Vertigineux, c’est le mot qui vient à l’esprit devant ce très beau film, océan boueux et étincelant à la fois, et le personnage interprété par Cluzet semble lui-même souvent au bord d’un précipice immense, le regard fou, affolé par tant de démesure, par tant d’excès, et conscient certainement d’aller trop loin vers des terrains encore vierges, prêts à être reconquis. La métaphore qui absorbe le film est infiniment évidente dans ses interprétations, mais évidente justement dans ses actions, dans le déroulement des scènes : la route et la vie, suivre un chemin, son destin comme un chantier à construire, à bâtir, ériger quelque chose qui reste, pour soi ou pour les autres.
Xavier Giannoli évite les explications, les raccourcis flagrants, et se concentre sur les détails essentiels, un présent indécis où tout se fait, se vit obligatoirement dans l’instant de peur que tout disparaisse, que tout se délite à nouveau dans un improbable futur. Ainsi, nous n’apprendrons rien du passé de Paul, charlatan professionnel, ni même de son avenir quand la caméra l’oubliera seul en haut d’un piédestal de terre, triomphant face à l’aube, aux éléments et aux autorités. Il est éventuellement une énigme, un mensonge aveuglant que beaucoup ont voulu croire ou ne pas déceler, et ne pas voir (Nicolas, jeune voleur vivant lui aussi de petites combines, semble, dès le départ, savoir qui est vraiment Paul après avoir fouillé dans sa voiture).

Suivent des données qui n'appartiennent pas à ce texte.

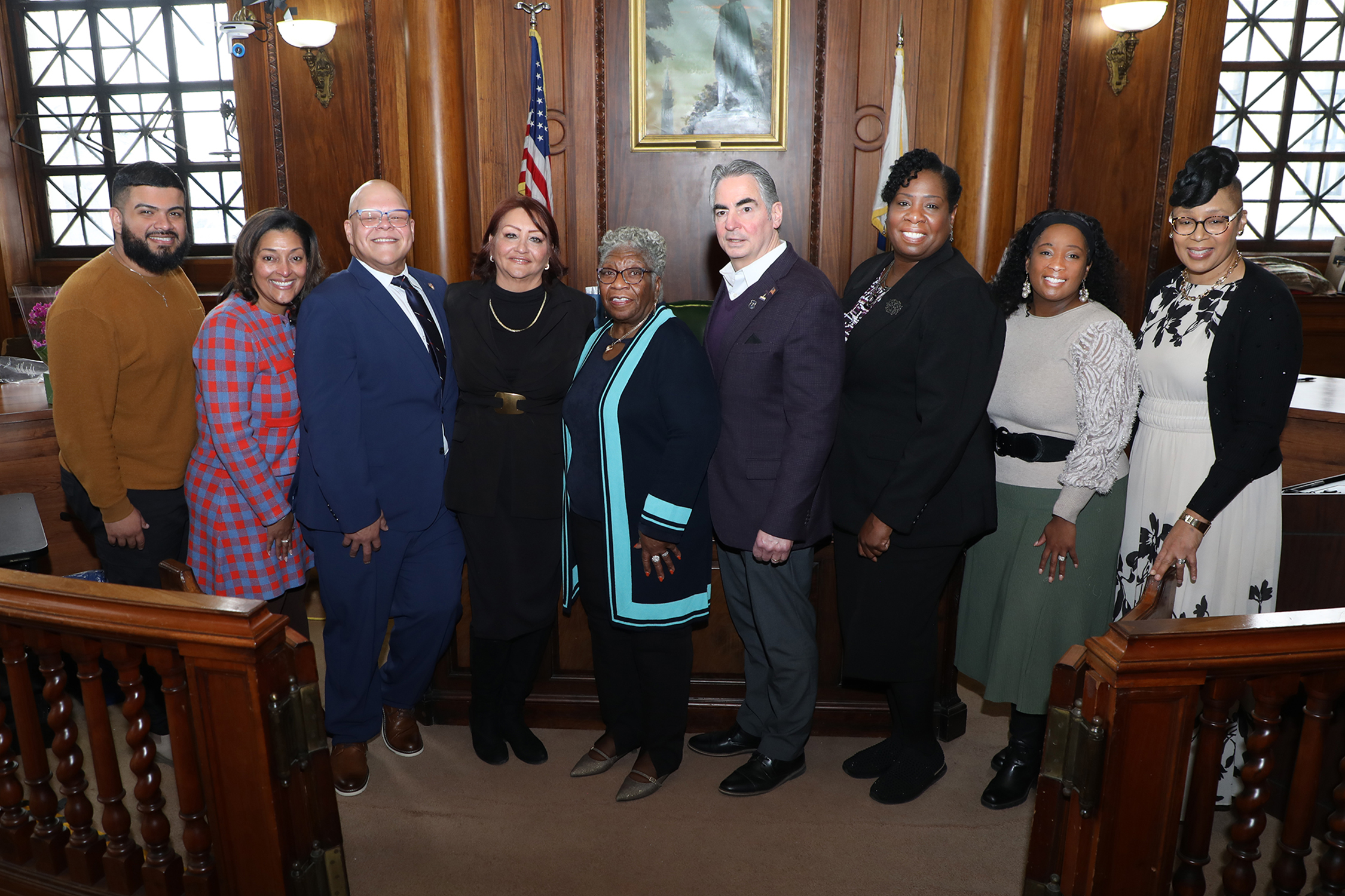 From Left to Right, Executive Assistant to the School Committee Triny Vargas, Denise Hurst, Gummersindo ‘Manny’ Gomez Jr., Rosa Valentin, Barbara Gresham, Chairman Mayor Domenic J. Sarno, Superintendent of Schools Dr. Sonia Dinnall, Vice Chairwoman Latonia Monroe-Naylor, and Ayanna Crawford.

Paul s’arrange de la réalité qu’il remodèle à sa guise en faisant fi des impératifs, du concret et des aléas. L’humain se mélange alors, imperceptiblement, à la glèbe, et l’intime au social, au global. D’escroc minable, Paul se mue en Fitzcarraldo des plaines, se sublime en héros moderne supposé enrayer la misère financière d’une région, presque en sainte providence que vient évoquer l’icône religieuse préservée dans une bâtisse abandonnée. Tout cela dans un souffle froid du Nord, de pluie et de nuages bas qui redimensionne les paysages et les hommes à une perspective physique et terrienne, à une échelle plus humble (on pense à Dumont).

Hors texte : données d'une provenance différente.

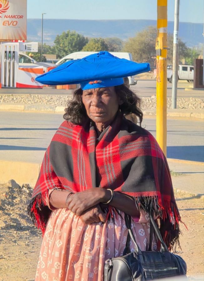 While driving through Opuwo we saw Himba women walking through the town in this traditional outfit, doing shopping and other errands. As morning tempreature can be quite low they add some modern dress components, mostly blankets and shawls.

À l’origine n’a pas un temps mort, pas une seconde de trop, sa mise en scène est fiévreuse, précise, toujours en mouvement, à l’image de Paul qui connaît l’échéance des dettes, des créanciers et de la supercherie transformée, au fil des jours, en projet philanthrope et irréel, très loin de l’arnaque originelle. Un suspens s’installe alors progressivement : jusqu’où Paul va-t-il pouvoir tenir ? Quand sera-t-il découvert ? Et des questions affleurent aussi à nos pensées, brutales et criantes : ces gens floués ont-ils été si crédules, si désespérés, si pressés d’en finir avec l’adversité économique pour avoir ainsi autorisé une telle confiance envers cet homme surgit de nulle part ?
Du film, il faut également rappeler le casting prodigieux (et la musique inspirée de Cliff Martinez). Emmanuelle Devos, Stéphanie Sokolinski et Cluzet bien sûr dont les yeux désemparés, face à sa propre imposture et son propre acharnement à édifier cette autoroute au milieu de rien, disent beaucoup du dérèglement de cet homme pris au piège d’un trop de chimères. Et Vincent Rottiers, magnétique, s’oppose et se confond à lui avec quelque chose qui a à voir avec l’animal, la prédation. Oublions un instant Un prophète et Le ruban blanc ; cette œuvre grisante, d’une surprenante originalité, est la vraie palme d’or de 2009.